Russ Davies was moving out of the sports editor’s chair and John Jackson was taking over. I was taking Jackson’s place. Charlie, rather than occupying an office as most managing editor’s do, placed himself out in the news room among his staff and where the action was. Charlie, most likely not by accident, put Russ at a desk next to him.
Thus Russ had a ringside seat to Charlie’s editing talents, and at one point exclaimed: “I’ve never seen anyone go through a story the way he can.” Through decades as sports editor, Russ Davies had become a rather beloved Elyria figure, but had a bit of a banty rooster presence, both in stature and demeanor. It was apparent that Charlie Bennett wanted a change in the sports department and a close assessment of Russ’s talents.

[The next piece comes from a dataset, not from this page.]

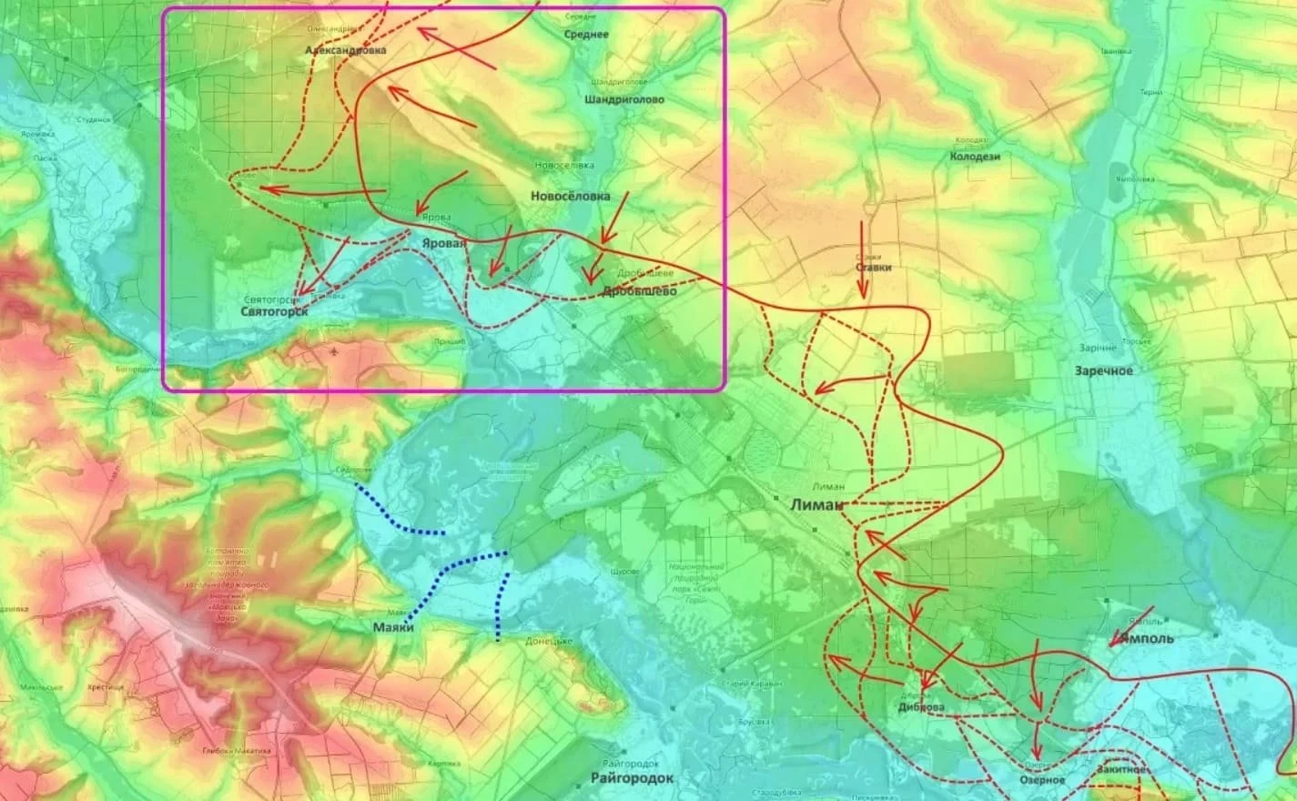 Ранее ряд военных источников сообщал о продвижении российских подразделений в районе Святогорска примерно на 10 километров и начале формирования охвата города. Однако, как следует из комментария Подоляки, на текущий момент речь идёт о тяжёлых боях без завершённого оперативного окружения.

Now, on my first day at the C-T, as the Chronicle-Telegram was known, Russ had decided upon one final gasp as the sports rooster. He had devised a test for me on my first day on the staff: I was to cover a golf tournament of rather obscure importance being held in an eastern suburb of Cleveland, some 50 miles away. To add to the geographic challenge for a sports scribe who knew nothing about Cleveland, I was assigned a company car designated YT 75.

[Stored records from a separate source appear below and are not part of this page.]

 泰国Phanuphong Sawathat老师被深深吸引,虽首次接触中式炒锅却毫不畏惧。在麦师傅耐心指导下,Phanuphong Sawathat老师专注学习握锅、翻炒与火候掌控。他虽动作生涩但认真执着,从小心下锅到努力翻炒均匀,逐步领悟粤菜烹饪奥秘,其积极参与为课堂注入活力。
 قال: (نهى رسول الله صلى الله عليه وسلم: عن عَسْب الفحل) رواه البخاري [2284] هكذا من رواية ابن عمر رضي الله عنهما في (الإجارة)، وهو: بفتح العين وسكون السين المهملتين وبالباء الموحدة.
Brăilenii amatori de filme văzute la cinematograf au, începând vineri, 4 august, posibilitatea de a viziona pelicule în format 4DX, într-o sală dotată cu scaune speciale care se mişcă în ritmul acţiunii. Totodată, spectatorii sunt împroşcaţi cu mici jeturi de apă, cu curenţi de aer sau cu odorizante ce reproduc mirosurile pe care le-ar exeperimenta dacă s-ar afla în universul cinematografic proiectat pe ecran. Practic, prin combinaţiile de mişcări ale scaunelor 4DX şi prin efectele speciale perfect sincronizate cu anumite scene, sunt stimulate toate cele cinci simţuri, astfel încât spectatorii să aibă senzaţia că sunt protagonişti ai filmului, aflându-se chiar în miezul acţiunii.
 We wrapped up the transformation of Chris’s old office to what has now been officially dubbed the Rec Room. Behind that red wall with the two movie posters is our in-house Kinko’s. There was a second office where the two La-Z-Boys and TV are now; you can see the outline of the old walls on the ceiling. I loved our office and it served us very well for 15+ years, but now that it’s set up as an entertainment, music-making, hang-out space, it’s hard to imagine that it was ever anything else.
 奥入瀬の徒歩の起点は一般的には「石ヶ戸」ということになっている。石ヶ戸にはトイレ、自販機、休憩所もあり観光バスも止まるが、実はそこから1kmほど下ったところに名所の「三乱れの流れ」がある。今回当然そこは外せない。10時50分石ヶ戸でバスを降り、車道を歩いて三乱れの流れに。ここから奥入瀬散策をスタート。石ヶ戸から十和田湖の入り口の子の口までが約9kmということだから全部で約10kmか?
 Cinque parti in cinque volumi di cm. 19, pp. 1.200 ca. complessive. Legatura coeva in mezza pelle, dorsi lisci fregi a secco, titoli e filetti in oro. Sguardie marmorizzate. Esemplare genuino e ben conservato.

Each of the half-dozen company cars carried an Ohio license beginning with YT. This one, YT 75, was a light-blue, four-door, stick-shift, Plymouth of some years vintage with a chronic list toward the passenger side and a tendency to stall now and again. Jackson, just stepping in as sports editor, was not in cahoots with all this, but was going along with it. He did warn me of the eccentricities of YT 75. Russ probably could hardly wait to see what my first assignment would bring. What it brought was some decent golf coverage and a safe return aboard YT 75.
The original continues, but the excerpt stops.